Виктор Потанин - Большой хитрец
- Может, и одобряю, только не очень пойму... Вы что, серьезно? Все хотите отстроить, как было?
- Молодец, догадался! - Он хмыкнул. - Слава богу, вы поняли, что я не лыком шит. - Он приподнял котенка с колен. Глаза у котенка блестели. И у моего гостя они тоже блестели, играли. И заговорил он теперь быстрее обычного, слова наскакивали одни на другие. - Спасибо, что догадались, спасибо. И очень хорошо, что не задаете лишних вопросов. Спасибо...
Он устал, дышал тяжело, как будто прошел большой путь. Я думал, он долго будет отдыхать, но он снова заговорил:
- Если откровенно, коллега, то я буду очень рад этим деньгам. Суд примет решение, а в районе мне выпишут положенную сумму. Полагаю, заплатят и за моральный урон. А я на эти денежки найму плотников, и те по моим чертежам возведут родную усадьбу, мое гнездышко ненаглядное... Вот видите, какой я хитрец.
Он опять заволновался и даже встал со стула. Шея выглядывала опять длинная-длинная, как у жирафа. Вдобавок суконный костюм кричаще подчеркивал его худобу. Казалось, что под ним нет ничего, даже костей. И вдруг я начал догадываться, почему он заговаривал со мной о Шушенском: там же есть подлинный уголок старой деревни. И я спросил напрямик:
- Вы про Шушенское говорили, а сами-то там бывали?
- А как же!
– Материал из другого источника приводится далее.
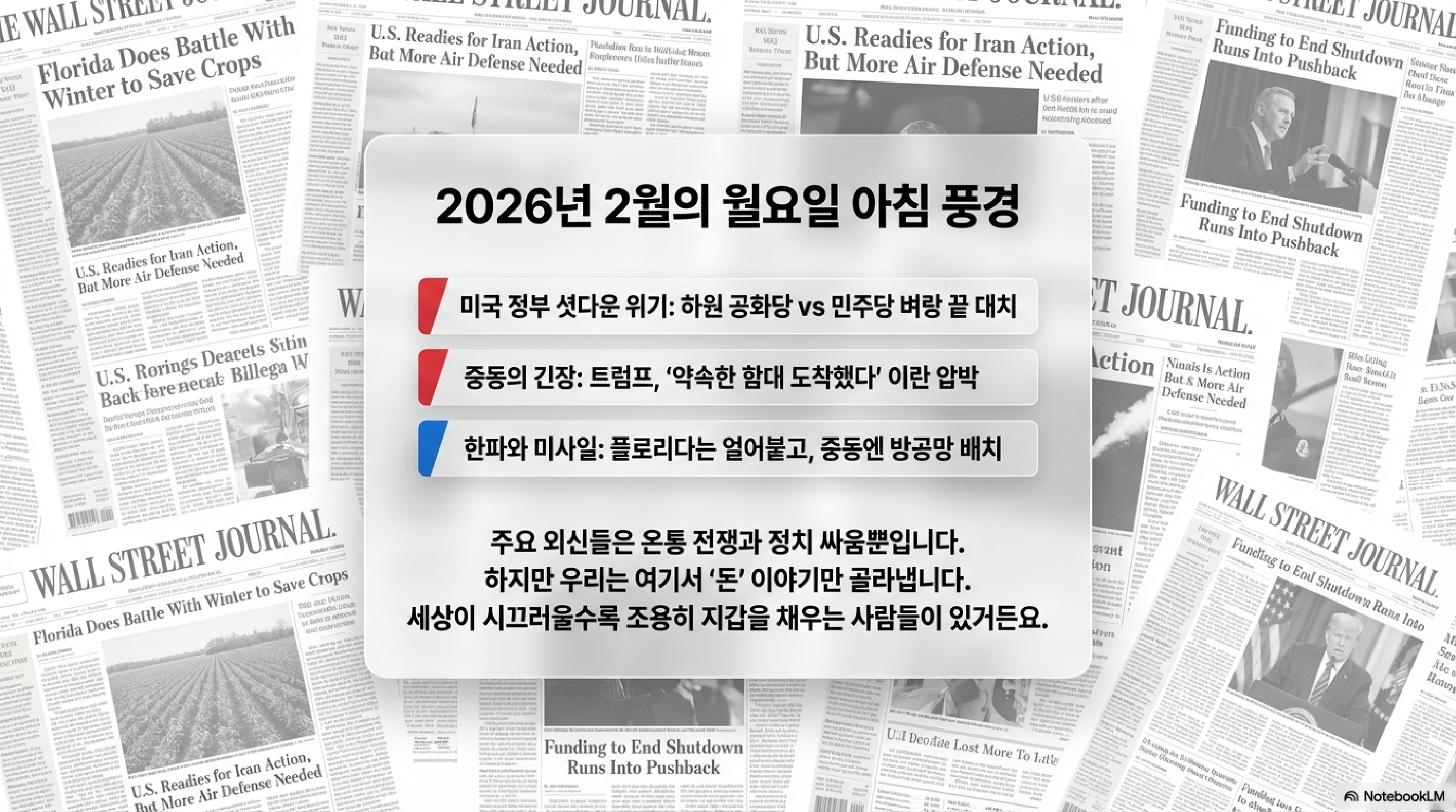시청자들께서도 느끼시겠지만, 2026년 2월의 시작이 아주 어질어질합니다. 미 해군 에이브러햄 링컨함이 이끄는 함대가 중동에 집결하며 전운이 감돌고 있고, 미국 정치권은 이민 정책 갈등으로 인한 정부 셧다운 때문에 한 치 앞을 모르는 핑퐁 게임 중이죠. 마치 기름칠 안 된 기계가 비명을 지르며 돌아가는 꼴인데, 이 혼돈의 연기 속에서도 돈 냄새는 기가 막히게 풍겨 나옵니다.

Я и мавзолей своим присутствием осчастливил. Благодарил дорогого вождя за свою чудесную молодость в пермских снегах. Правда, в моих несчастьях он не виноват. Когда нас свалили в пермских краях - он уже сам лежал в стеклянной домовине. А в Шушенском я был проездом. У меня в тех краях родня. А обратно по пути заехал и в само село. И никогда не жалею. Там я и насмотрелся на заповедник сибирской деревни. Наверно, из того уж нет ничего. Может, и на дрова разобрали, пожгли. У нас ведь как: если начнем что-то ломать, то уж подошвы у ботинок сдерем, всю страну под собой вытопчем, а то выжгем дотла... - Он опять опустился на стул. Голос его стал тихий, чуть слышный. - Восстановлю дом, порадуюсь на постройки, а потом открою настежь ворота. Пусть люди заходят, смотрят и перенимают опыт. Может, им тоже захочется такой же жизни, да. А сейчас в России жизни нет, потому что мы угробили крестьянина. Был колхозник, но его обидели, согнали с земли, и он умер, испустил дух. Осталось пустое место, яма, провал. И все мы падаем в эту яму, тысячи людей туда валятся, миллионы...
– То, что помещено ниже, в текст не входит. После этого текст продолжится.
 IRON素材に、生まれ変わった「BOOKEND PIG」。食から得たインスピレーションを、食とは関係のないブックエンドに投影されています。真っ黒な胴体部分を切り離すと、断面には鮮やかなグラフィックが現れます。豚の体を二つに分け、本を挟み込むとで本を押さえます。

Он тяжело вздохнул и замолчал. Я воспользовался паузой и проскользнул на кухню, наскоро приготовил чай и вернулся обратно. Чай я вынес на подносе в двух фарфоровых чашечках.
- Мы не баре, - усмехнулся на это Николай Поликарпович, - и не надо нам подносить...
Но чаю он обрадовался и опустошил чашку в три глотка. Я принес еще, и у него поднялось настроение: щеки сразу ожили, повлажнели и оживились глаза. Очень забавно вел себя и котенок. Он следил за каждым движением хозяина. Особенно за тем, как тот поднимал и опускал чашку. Возможно, котенка заинтересовал солнечный зайчик, который дрожал и переливался на фарфоре. Все это заметил мой гость и погладил котенка:
- Правда ведь, какой умник? А может, чайку захотел наш котя Потя? Как вы думаете, захотел?..
Я не ответил, и он сказал чуть слышно:
- Моя Оленька тоже эту травку любила. Чай она так называла - травкой. Необычно, да?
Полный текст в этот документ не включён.